Satterfield argues further that 0 C is an important number.
"Strange things happen on our planet when the temperature reaches the freezing point of water at standard pressure," he explained. "Lakes freeze, roads sometimes get very icy and Boston gets buried in ice crystals,so a case can be made that freezing is by far the MOST important temperature. Let’s make it an easy number to remember, like say ZERO!"
In Canada, metrication started happening in the 70s. The change to Celsius from Fahrenheit didn't occur until April 1975.

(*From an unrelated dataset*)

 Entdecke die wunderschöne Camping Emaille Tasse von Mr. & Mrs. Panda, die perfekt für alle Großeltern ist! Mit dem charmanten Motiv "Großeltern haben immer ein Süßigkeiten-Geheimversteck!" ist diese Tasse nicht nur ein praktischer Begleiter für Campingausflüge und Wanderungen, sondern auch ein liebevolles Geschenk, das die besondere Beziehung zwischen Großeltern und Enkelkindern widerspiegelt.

Fahrenheit vs Celsius pic.twitter.com/Cwt3JMto6k— Facts (@facts_weird) March 22, 2015
The Weather Network's Brett Soderholm isn't shy about which scale he prefers.
"I refuse to acknowledge a temperature scale that is only used by five of all the countries in the world," Soderholm joked.

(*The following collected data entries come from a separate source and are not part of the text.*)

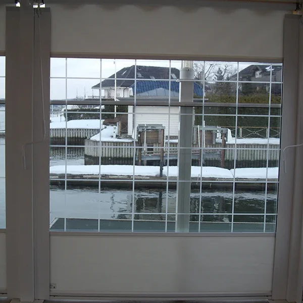Toldo bajante con guías de 120 mm, anclaje del perfil de carga a las guías laterales mediante cerrojillos. Especialmente diseñado para la separación de espacios ó la protección contra el viento en terrazas, hostelería y balcones.
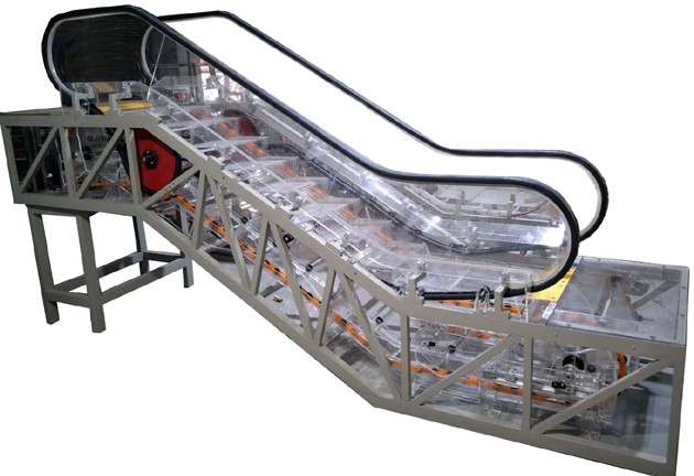 透明教学自动扶梯模型,适用于职业院校、中职院校电梯技术专业学员进行自动扶梯梯级拆装、操纵和维修保养实训教学训练。扶梯模拟实训装置采用优质方管焊接密纹喷塑组装成扶梯桁架,梯级踏板系统、扶手带系统、曳引机系统,设备台架、安全检测系统,电气控制控制系统等。
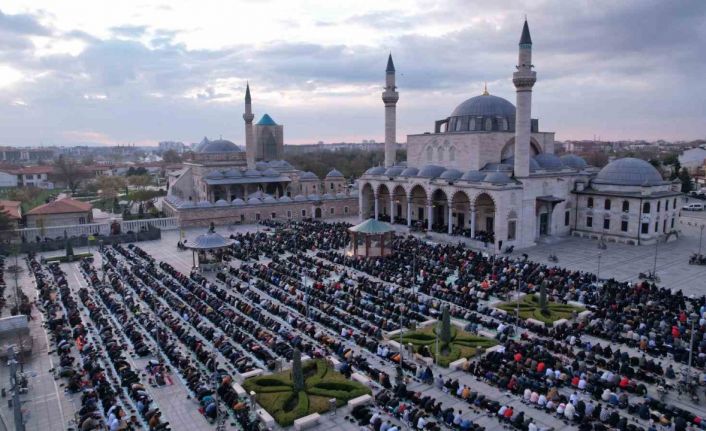 Konya’da binlerce vatandaş, sabahın erken saatlerinde Mevlana Meydanı’nı doldurarak bayram namazı kıldı.
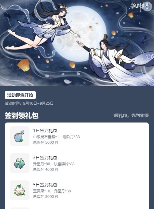 活动三:【共赏蝉月】在9月10日-9月15日派送月饼,将有机会获得海量奖励,与全服道友一起共同庆贺!
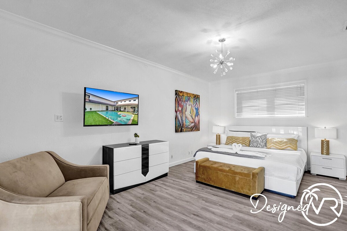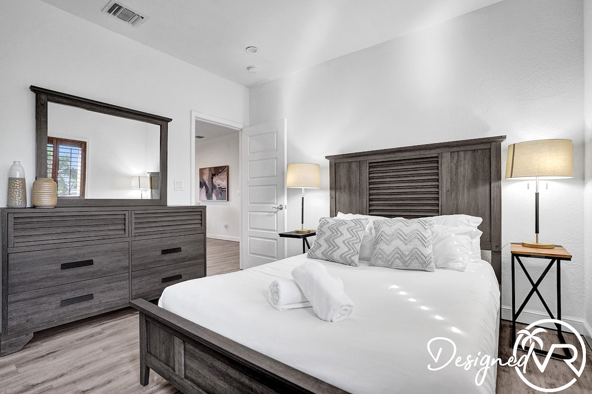 Check-in time is 4pm / Check-out time is 11am. Quiet hours 10pm-8am. No unauthorized guests permitted. No smoking inside the house ($750 fine) No pets ($250 fine) **House Rules** We have created this house rules sheet to ensure that you can fully enjoy your stay in our Airbnb rental while also respecting the home and neighborhood. Following these rules will greatly help us as Vacation Rental hosts by making sure the home is taken care of during your stay. Do not hesitate to contact us if you have any questions regarding the items mentioned in this document. We ask that you treat the property as if it was your own property. Please be aware of the condition of items in the house, and if you notice anything broken when you arrive, contact us to let us know. We also ask that you watch noise levels at night, as we have a close relationship with our neighbors and do not want to cause any problems. Please no loud music or disturbances. Noise ordinances for quiet time in the city/neighborhood are at 10pm, so please respect these rules. We want to mention that first so you are aware. Children are welcome here! however - please keep your children safe. Home is not childproofed. 1. Check-in /Check-Out: Check-in time is 4:00 pm. Check-out time is 11 am. Unless otherwise authorized by the management company. We MUST have 24-hour notice for extensions of stay or you will be expected to vacate at the 11:00 am checkout time. All areas of the property are for guest use unless locked and designated as Designedvr employees only. Not all garages are accessible or available for your use. 2. Guest Interaction: We love to meet and greet all guests. However, in the event that this is not possible we also offer self-check-in with a door code. We have the right to ask for ID, the credit card used for booking, or other forms of proof of identity and payment. We may also ask guests to present ID. Person traveling with guest will not be permitted on property before booking guest has arrived and is confirmed with ID. 3. Guest Access - All areas of the property are for guest use unless locked and designated as Designedvr employees only. Not all garages are accessible or available for your use. 4. Maximum Occupancy: The maximum number of guests is limited to the number indicated in the listing. It is very important that the maximum occupancy rule is not violated as this will be considered a breach of the reservation rules and will result in immediate cancellation of the booking. 5. Unauthorized Guests - Although we do not mind if you invite a friend or 2 over to visit, please do not have extra unauthorized guests stay the night or for extended periods of time. We do not allow unauthorized guests to sleep here. Please do not allow extra guests to sleep at the house unless previously agreed upon when you booked the rental. All overnight guests must be listed with the booking and any guests over 10 people limit incur a 50$ per night charge. 6. Parties or Events: We do not allow parties, loud gatherings or events of any sort to be held in the property. Only authorized guests are to be in the house and around the pool area. Music must be kept to a non-disturbing level. NO BIG EVENTS OR PARTIES! Please be sure that extra guests leave by 12am. We greatly appreciate your compliance on this as we do not want any issues with our neighbors or the city. Please understand that any reports or evidence of a party or organized event taking place will be an automatic forfeiture of your entire deposit and immediate vacation of the property. 7. Pets: ABSOLUTELY NO PETS! We do not allow pets of any sort. Any evidence of pets will be an automatic forfeiture of your damage deposit ($250 fine). 8. Smoking: There is to be NO SMOKING inside the property. Smoking is allowed outside on the patio (please utilize ashtrays - do not toss butts in the patio or grass) or outside of the home. Any evidence of smoking inside the home (ie smells of smoke, ashes, burns, etc) will be an automatic forfeiture of the entire damage deposit and an additional smoke remediation fee of $750 will be charged. 9. Trash: All trash are to be bagged and put in waste bins provided. You will find trash bags under the kitchen sink. When the trash can is full, please remove the trash bag and take it to the trash bins. Please make sure all small trash cans have a bag liner before putting trash inside. 10. Inspections: Property Management has the right to inspect the premises without prior notice at any time to enforce the terms of this agreement. Should the guests violate any of the terms of this agreement, the rental period will be terminated immediately and no refunds will be given. The guests waive all rights to process if they fail to vacate the premises upon termination of the rental period. The tenants shall vacate the premises at the expiration time and date of this agreement. 11. Security Deposit: A security deposit is required to reserve the house. You will be required to submit payment using the payment link provided within 48 hrs before check-in. The deposit is in addition to the nightly rate and will be refunded in the same manner paid provided the following provisions are met: *No damage is done to the unit or its contents *All debris, rubbish, and trash are placed in trash cans and soiled dishes are placed in the dishwasher and cleaned. If the house is left excessively dirty and there is excessive trash left in the house, there will be an additional cleaning fee deducted from the deposit for the extra cleaning time. The guests will be notified immediately. *No linens are missing, damaged, or excessively stained *The Occupancy limit of the house is not exceeded at any time unless approved in writing in advance *There are no police enforcement actions by the City or Homeowners /and items 4,5,6,7,8 and 9 are adhered to and there are no violations of house rules as posted in the house. 12. Check-out: Check-out time is at 11:00am unless a late check-out is purchased 
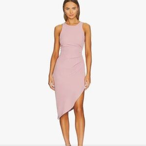 BCBGeneration Ruched Asymmetrical Midi Dress in Blush, Size 0
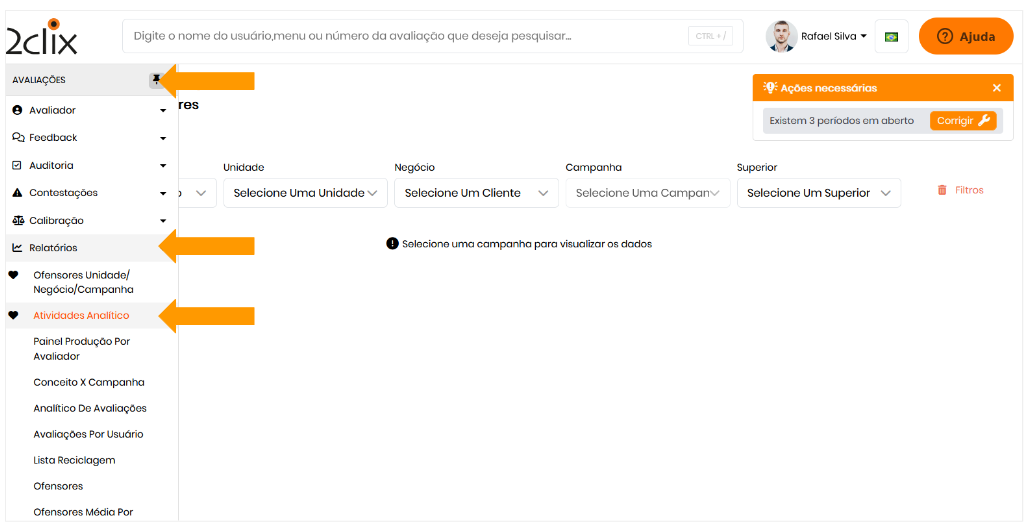 Avaliações > Relatórios > Atividades Analítico.

He recognizes that Fahrenheit has its advantages.
"One of the advantages is that it has a bigger perceived difference," Soderholm explains. "The difference between -20 and 110 is 130 degrees whereas the equivalent in Celsius about 70 degrees."
But ultimately, Celsius is easier to understand for more people.
"The fact that 0 is the freezing point makes it easier to figure out if you should expect it to be too cold or not, as opposed to 32 F," he said. "It's a lot more intuitive."
But ultimately if you find yourself in the middle of the debate there might be a perfect temperature for you.
"A fun little quirk is that the scales are the same at -40," Soderholm said.